RU2787955C1 - Method for manufacturing a photoconverter on a thinned germanium substrate - Google Patents

Abstract

FIELD: power engineering.

SUBSTANCE: invention relates to solar energy, in particular, to methods for manufacturing three-stage photoconverters on a germanium substrate. Method for manufacturing a photoconverter on a thinned germanium substrate includes the stages of creating a three-stage structure of a photoresistive mask with windows for the front contacts of the photoconverter and diode on a germanium substrate with grown epitaxial layers; etching a diode pad; spraying on layers of front metallisation; removing the photoresist; creating a photoresistive mask with windows for mesa-insulation of the photoconverter and the diode; etching a mesa; applying a protective coating; performing chemical dynamic etching of the germanium substrate; removing the protective coating; spraying on back metallisation; annealing the contacts; the chemical dynamic etching of the substrate is performed before the hydrofluoric acid used to limit the amount of etched germanium is consumed, wherein the solution of etching products is used multiple times, re-adding hydrofluoric acid and hydrogen peroxide in the ratio of volume parts being hydrofluoric acid (46%) 8÷17 volume parts, hydrogen peroxide (30%) 8÷19 volume parts, solution of etching products 84÷64 volume parts, followed by chemical dynamic treatment of the germanium substrate in a solution of orthophosphoric acid, hydrogen peroxide, and water.

EFFECT: increase in the parameters and the yield of photoconverters manufactured on a thinned germanium substrate, lower costs of recycling etched germanium and disposing of hydrofluoric acid.

1 cl, 5 dwg, 4 tbl

Description

The invention relates to solar energy, in particular, to methods for manufacturing three-stage photoconverters on a germanium substrate.

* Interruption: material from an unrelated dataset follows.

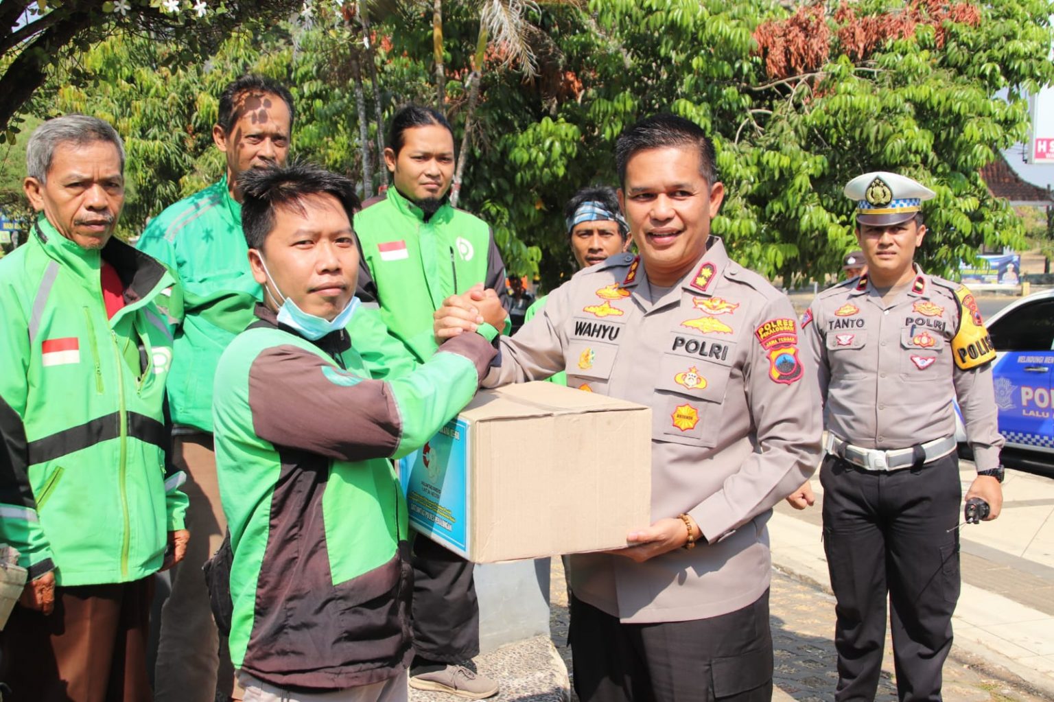 Disampaikan pula oleh AKBP Wahyu Rohadi, bahwa sebelumnya pihaknya juga melaksanakan bakti sosial kepada anggota ojek online di taman Dadi Kajen Tugu 0 Km Kec. Kajen.
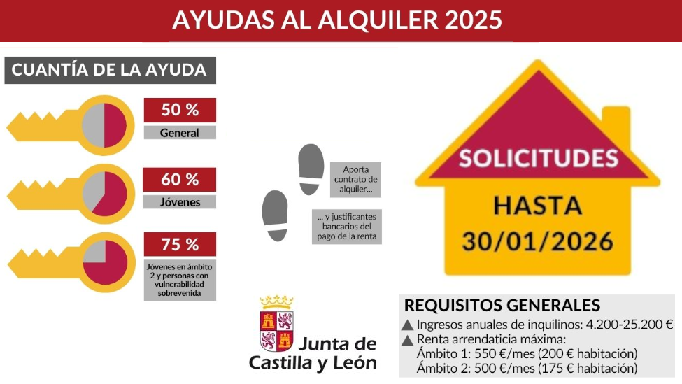 La Junta de Castilla y León mantiene abierto hasta el 30 de enero el plazo para solicitar las ayudas al alquiler de vivienda correspondientes al año 2025, una convocatoria destinada a facilitar el acceso y mantenimiento de la vivienda en régimen de alquiler o cesión de uso a personas con recursos económicos limitados en la Comunidad.

A known method of surface treatment of a germanium substrate, namely, pre-epitaxial surface treatment of a germanium substrate, taken as an analogue (see SK Agarval, R. Tyagi, M. Singh, R. KJain. Effect of growth parameters on the MOVPE of GaAs/Ge for solar ceil applications / Solar Energy Materials & Solar Cells, V. 59, 1999, p. 1926), including etching of a germanium substrate in an aqueous solution containing hydrofluoric acid and hydrogen peroxide (HF:H ₂ O ₂ :H ₂ O=1:1 :5) for two minutes followed by treatment with dilute hydrofluoric acid to remove surface oxide.

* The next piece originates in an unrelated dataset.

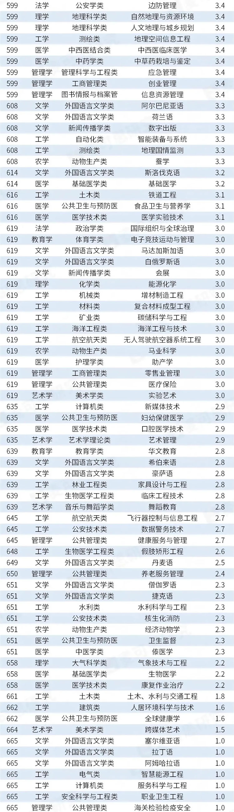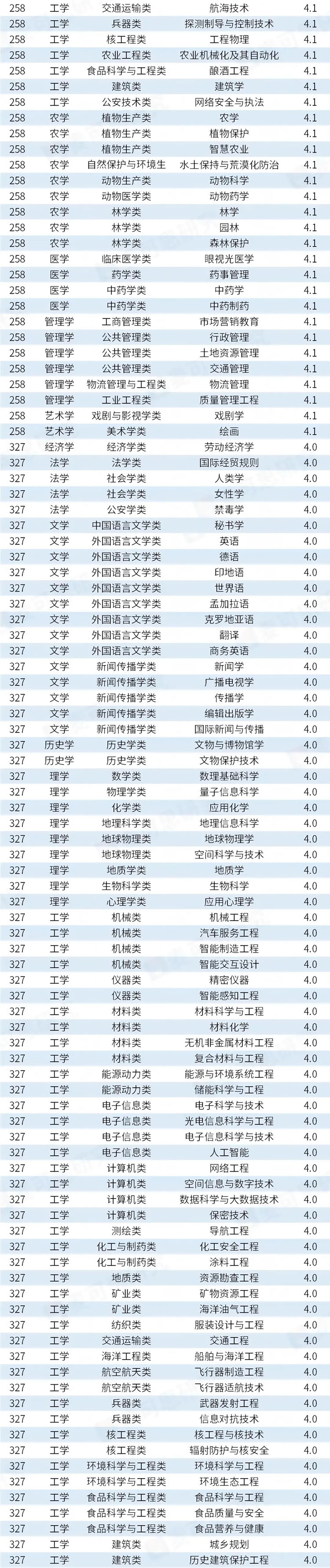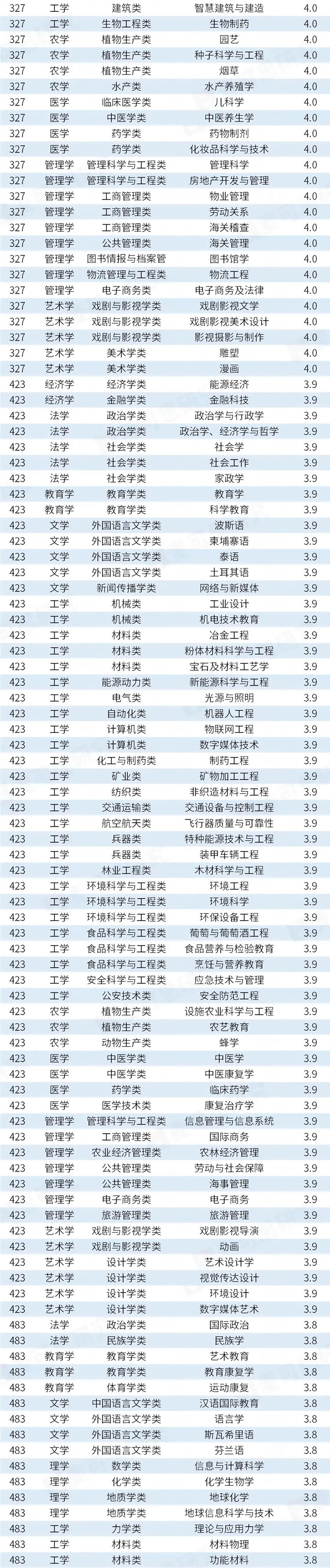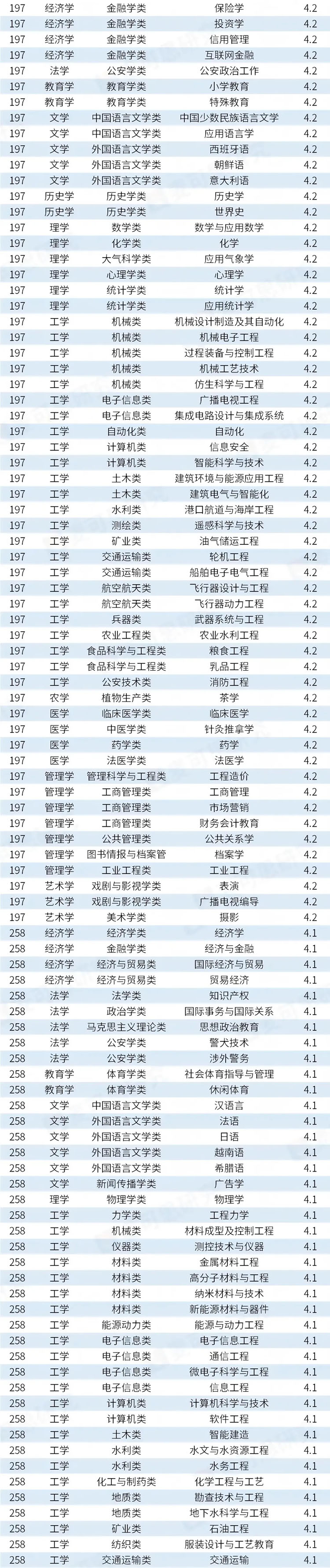 据统计,有326个专业的满意度较高,得分在4.1分及以上,占比(48.6%)接近一半。值得注意的是,得分在4.1分及以上的专业中,工学门类专业数量最多,共计114个,远超其后的文学(30个)、医学(27个)等学科领域。

The disadvantage of this method of treating the surface of a germanium substrate, as applied to the technology of manufacturing photoconverters, is the incomplete removal of the germanium monoxide layer, which leads to a deterioration in the adhesion of the back metallization in the manufacture of a solar cell on a three-stage epitaxial GaInP/GaInAs/Ge structure, followed by delamination of the rear contact of the photoconverter.

A similar feature common to the proposed method for manufacturing a photoconverter on a thinned germanium substrate is the etching of a germanium substrate in an aqueous solution containing hydrofluoric acid and hydrogen peroxide.

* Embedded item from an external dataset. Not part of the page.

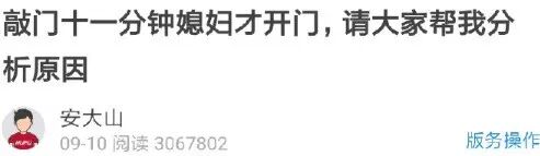就在安大山准备放弃找地儿呆会的时候,媳妇在9点12分回电话,问他在哪儿。安大山回说自己在家门口,媳妇马上就过来开门了。

A known method for manufacturing a photoconverter on a thinned germanium substrate and a device for its manufacture, taken as a prototype (see RF patent No. 2703840, publ. 10/22/2019), including the creation of a three-stage structure of a photoresistive mask with windows under front contacts of the photoconverter and diode, etching of the diode pad, deposition of front metallization layers, removal of photoresist, creation of a photoresistive mask with windows for mesa isolation of the photoconverter and diode, etching of the mesa, deposition of a protective coating, etching of the substrate, removal of the protective coating, deposition of back metallization layers, contact annealing, opening of the optical window by etching, application of an antireflection coating, separation of the wafer, straightening of the photoconverter with a built-in diode by cooling in nitrogen; successively layers of positive, negative photoresists by centrifugation and a layer of quick-drying enamel by spraying, stick the plate with a protective coating on the protrusions of the carrier disk, etch the substrate by chemical-dynamic etching in an aqueous solution of hydrofluoric acid and hydrogen peroxide to a deepening in the mesa groove with simultaneous separation of the plate on the chips, then, after sputtering the back metallization, the protective coating is removed with simultaneous detachment of the chips from the carrier disk, and the chips are straightened after annealing the contacts and sputtering the antireflection coating.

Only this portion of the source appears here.